Discuss with Your Caterer How to Label Foods

A wedding buffet with signs next to each dish.

Once you’ve settled on how to design the menu, work with your caterer to make sure that there are actually labels for all the food. Too often at both sit-down and buffet-style dinners, there is no way to actually know what is in each dish other than with a visual inspection. By creating beautiful signs that are harmonious with your decorations, you add a useful piece of information to save a lot of frustration and pain for your guests. By avoiding any dish labeled as containing foods that cause reactions, your guests can painlessly and carefully select their dinner for themselves. Honestly, knowing what is in a dish is helpful even for people who simply have food preferences; little tags or notes that explain what each menu item is helps everyone.

Recognize What Is Essential and What may Be Optional

Everyone has a different definition of what is worth accommodating at their wedding. For some brides, it is an expression of care to have a very diverse menu that allows everyone to have a satisfying meal, given their own preferences, sensitivities, and allergies. For others, the need to economize prevents the catering from including a lot of alternatives or accommodations. While it is certainly essential to at minimum keep your guests safe, it’s always up to the bride and groom how much they want to customize the menu.

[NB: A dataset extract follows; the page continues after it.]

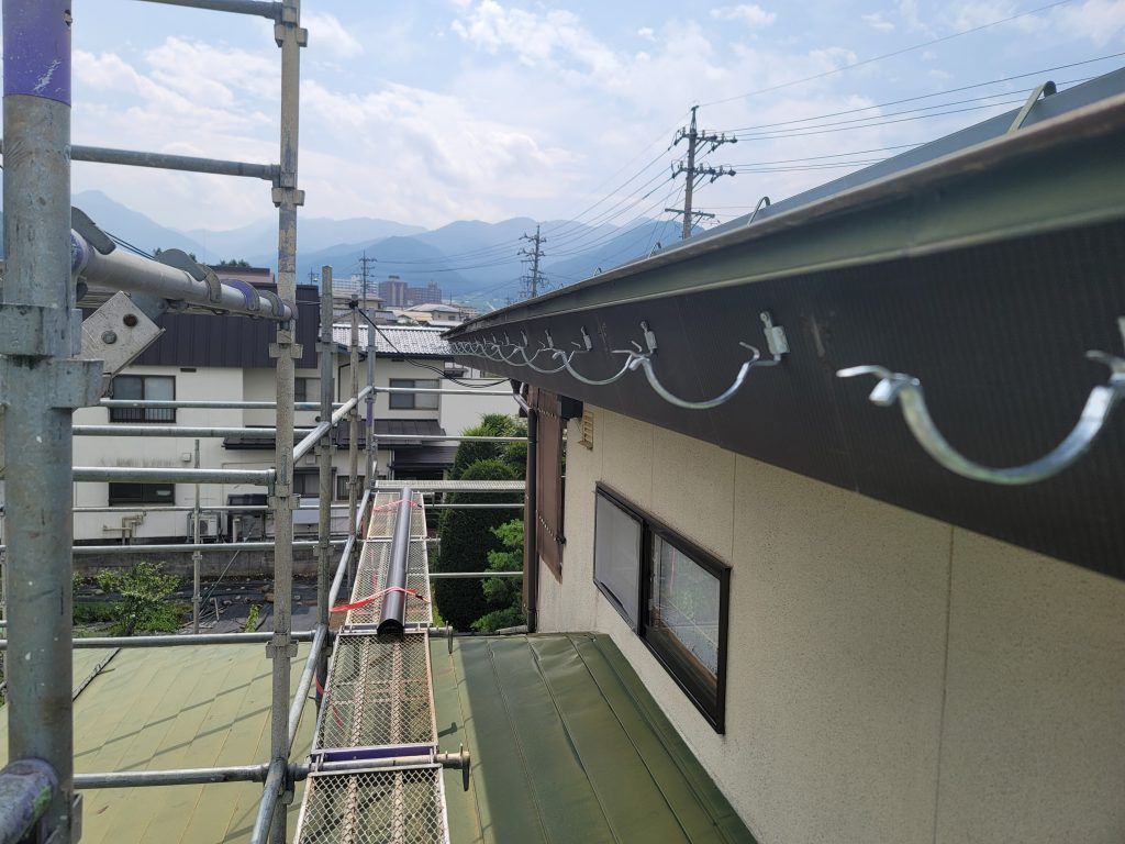 既存雨樋を撤去してから、水勾配を確認して、受け金物の位置を張り振り、受け金物を取付けました。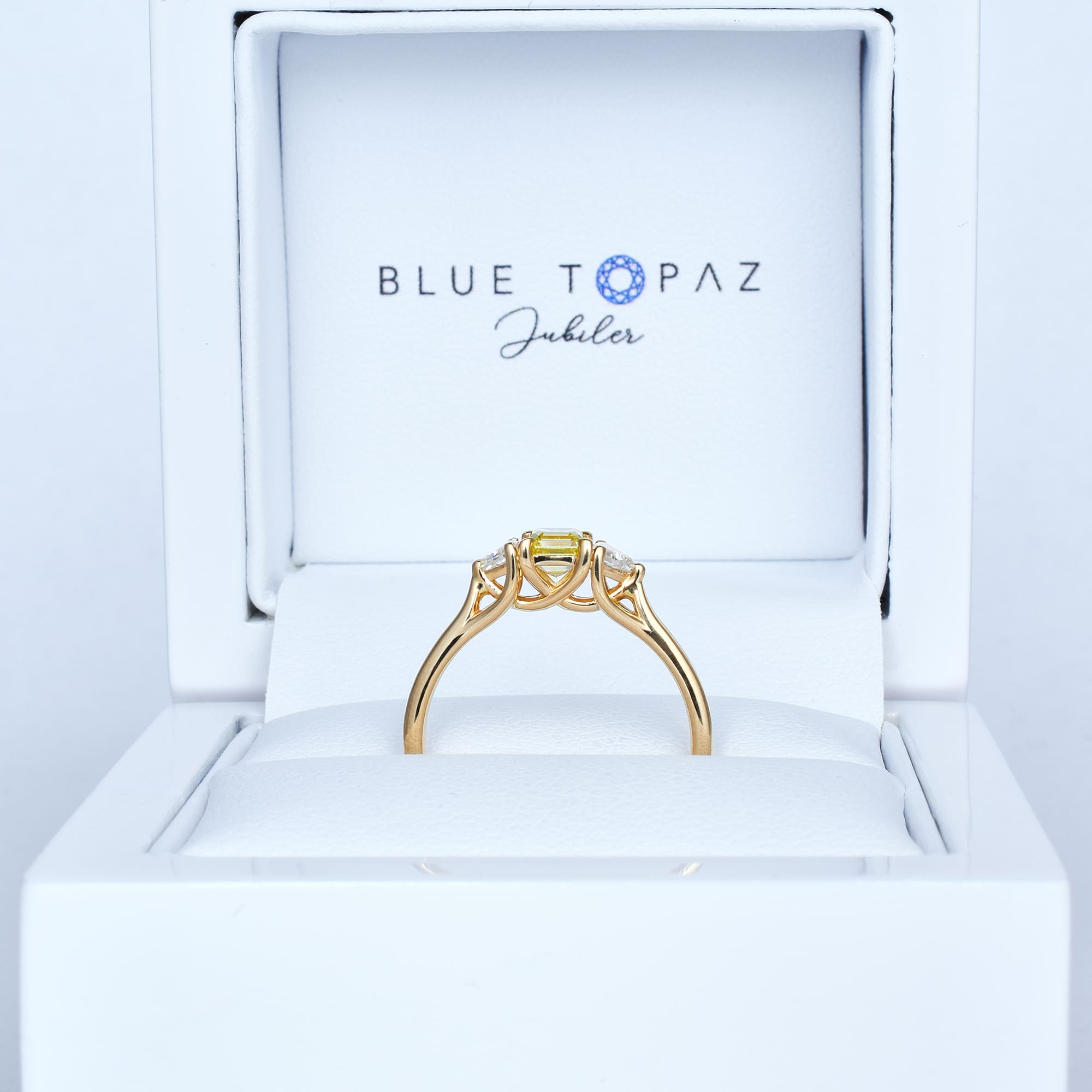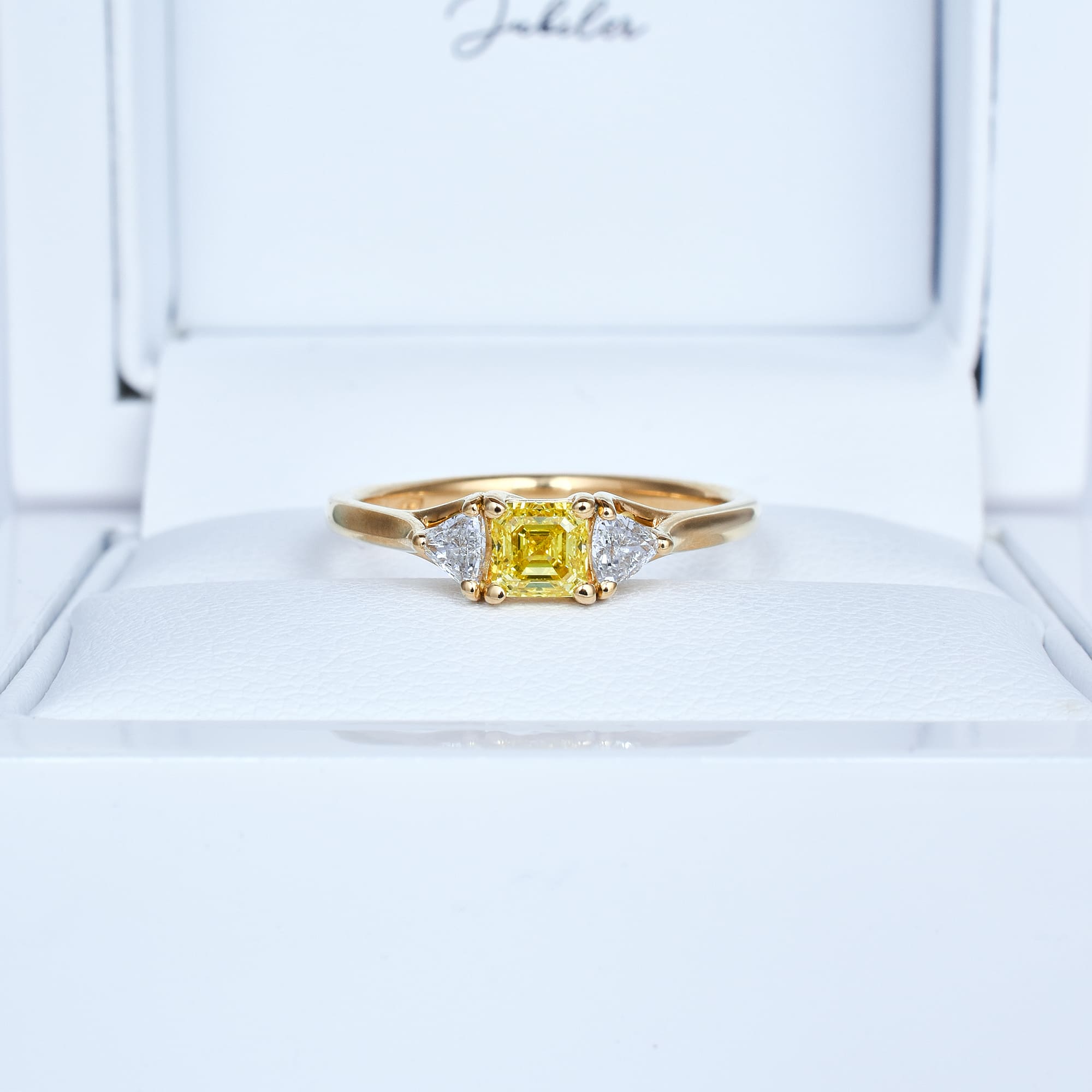 Pierścionek z diamentem Fancy Vivid Yellow w szlifie Square Emerald

It’s good to have information about what your guests prefer, but chances are that no matter what options you provide, there will be at least one person who doesn’t enjoy anything on your menu. Thus, do whatever you can to make your decisions about the menu with the best information you have. After that point, try to let the issue drop and don’t worry too much. Persons with food allergies and sensitivities are accustomed to choosing their food carefully, and your choice of what to serve your guests is ultimately just that: your choice.

All of this is to say that the time you spend analyzing your menu is an act of kindness that is well worth the time, but you cannot worry yourself too much about the possibility of someone not being able to eat everything on the menu. Rather, focus on picking the food you want, which will be safe for your guests, and which will reflect what you and your partner value. This may be a few cupcakes and a glass of punch, all the way up to a 5-course meal; those choices are up to you and can be incredibly fun, even when working to honor food sensitivities.